I wasnt too happy with the fact I didnt shade out of lazyness and how the back claw came out.
Ill upload more later
Added a few more these were a few pics I made


----------



## AlanJohn (Jul 13, 2011)

They look like they were made by a 5 year old.


----------



## Ikki (Jul 13, 2011)

Your mom will always say she likes your drawings.


----------



## YetoJesse (Jul 13, 2011)

Ikki said:
			
		

> Your mom will always say she likes your drawings.


until your at the age you should gtfo to your own lair...


----------



## Haloman800 (Jul 13, 2011)

AlanJohn's a troll, don't pay any attention to him.

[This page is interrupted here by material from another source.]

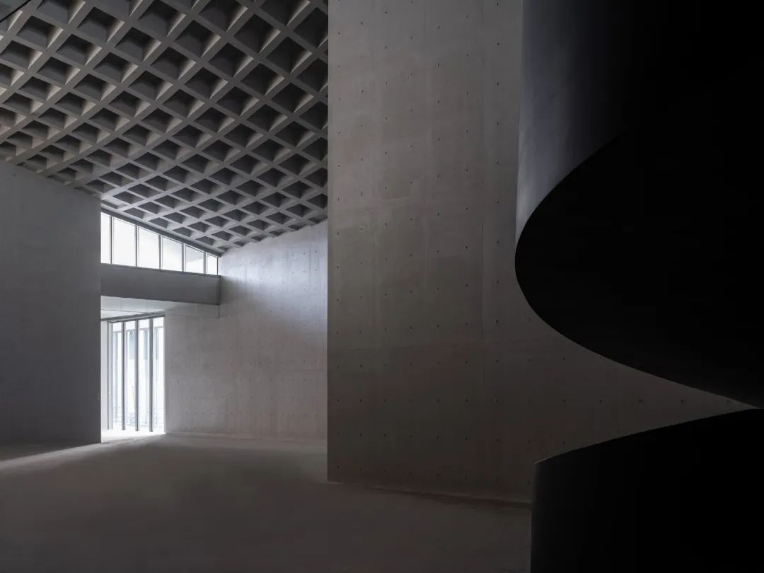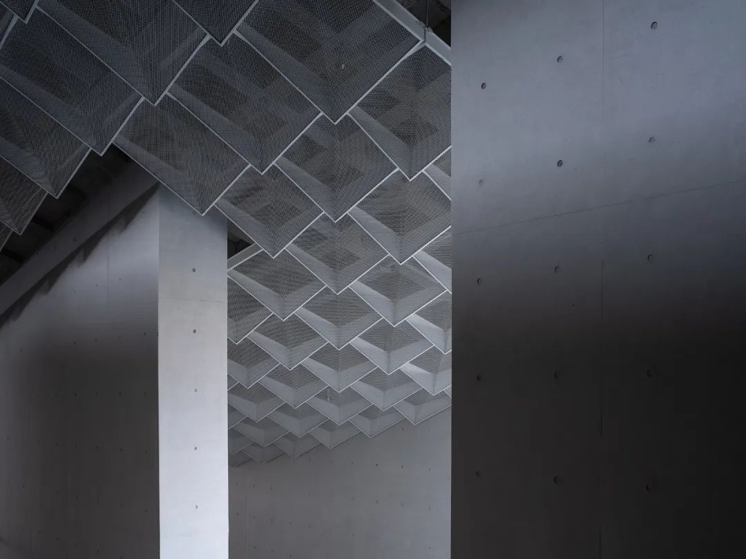 琴臺美術(shù)館柱室內(nèi)屋頂采用了與井格對應(yīng)的、順應(yīng)了曲面的參數(shù)化金屬延展網(wǎng)吊頂。透過半透明的吊頂還是能看到屋頂?shù)慕Y(jié)構(gòu),也遮蔽著其中的機(jī)電管線。
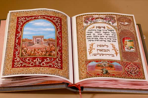 On this page we present you with a gallery of different Haggadot for Passover, painted in a variety of styles and on the highest standard existing on the Judaica market. These haggadot are drawn by the best artists of Art Chazin. Some of the originals displayed have already been sold to great Judaica collectors, we give you the opportunity to order these haggadot as a mix media limited edition on parchment.

They look pretty funny, and I like the drawing style, but I can't read them atm.


----------



## AlanJohn (Jul 13, 2011)

Haloman800 said:
			
		

> AlanJohn's a troll, don't pay any attention to him.
> 
> They look pretty funny, and I like the drawing style, but I can't read them atm.


I'm not a troll.




In fact I made my own comic series myself.


----------



## The Milkman (Jul 13, 2011)

XD I know thier crappy quality but I make these mostly is school and alot of people at the school seem to love it so I thought I would get the opinion of some people with more experience then me in this subject. Also ill put up a transcript or just use paint to make the words clearer later on. Also Alan if you could tell me how these look like a 5 years drawing it would be appreciated. also the subtitle is a joke which apparently isn't clear >.>


----------



## cosmiccow (Jul 13, 2011)

Alright now I'm looking forward to the pedal-controller addon for 3DS.


----------



## Nimbus (Jul 13, 2011)

This thread is awesome, hands down.

Not kidding either.


----------